That’s the brake. This is the yoke. The computer will help.”
“What? Why? Are you bailing out?”
“No, but you will be. There’s another one of these at the top of
the ramp.”
Lear rose from the floor, woozy, took a stutter-step, and fell into the
wall. She left a trail of blood behind.
“Fu . . . The . . . Yeah . . .” she muttered.
Her legs were jelly. Her head was going around and around and
around and
oh, no
. She vomited onto the floor. Felt a little better after that. Wished she hadn’t been drinking. Wished she had more sleep.
Yeah. Sleep would be good. . . .
Stillers came pounding in, gun drawn. Three other men, all
armed.
“Boss!”
“Di . . . get ’em?”
“They’ve got the sleigh, but Tara’s getting airborne.”

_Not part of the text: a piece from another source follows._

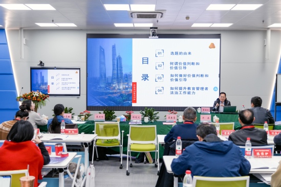 随后,上海市教委政策法规处处长郁能文发表讲话。郁能文对学校的周到会务安排表示了诚挚的谢意,与此同时强调了依法治校、依法办学在高校管理中的基础性地位。他介绍本次培训班是经过精心设计,邀请了多位专家教授进行授课,在内容上涵盖了热点事件中的价值判断、教育案件处理以及合规试点等方面的经验和举措。最后,他表示希望大家能够安心学习,深入思考,学有所得,并在各自治校中加以应用;希望通过此次培训,与会者能够进一步提升自己的法律素养和法治建设理念,为高校法治合规建设贡献出自己的一份力量。

“Kill them. Kill them,” Lear said, slurring where she wished she
was shouting.
“Someone get the doctor!” Stillers yelled.
More voices yelling, all around her; voices yelling and walkie-
talkies blasting away and something burning.
“I’m ’kay,” she said. Why wouldn’t her mouth work?
She felt the side of her head, then stared at her hand, red with
something she couldn’t bring herself to understand. “Mom?” she asked.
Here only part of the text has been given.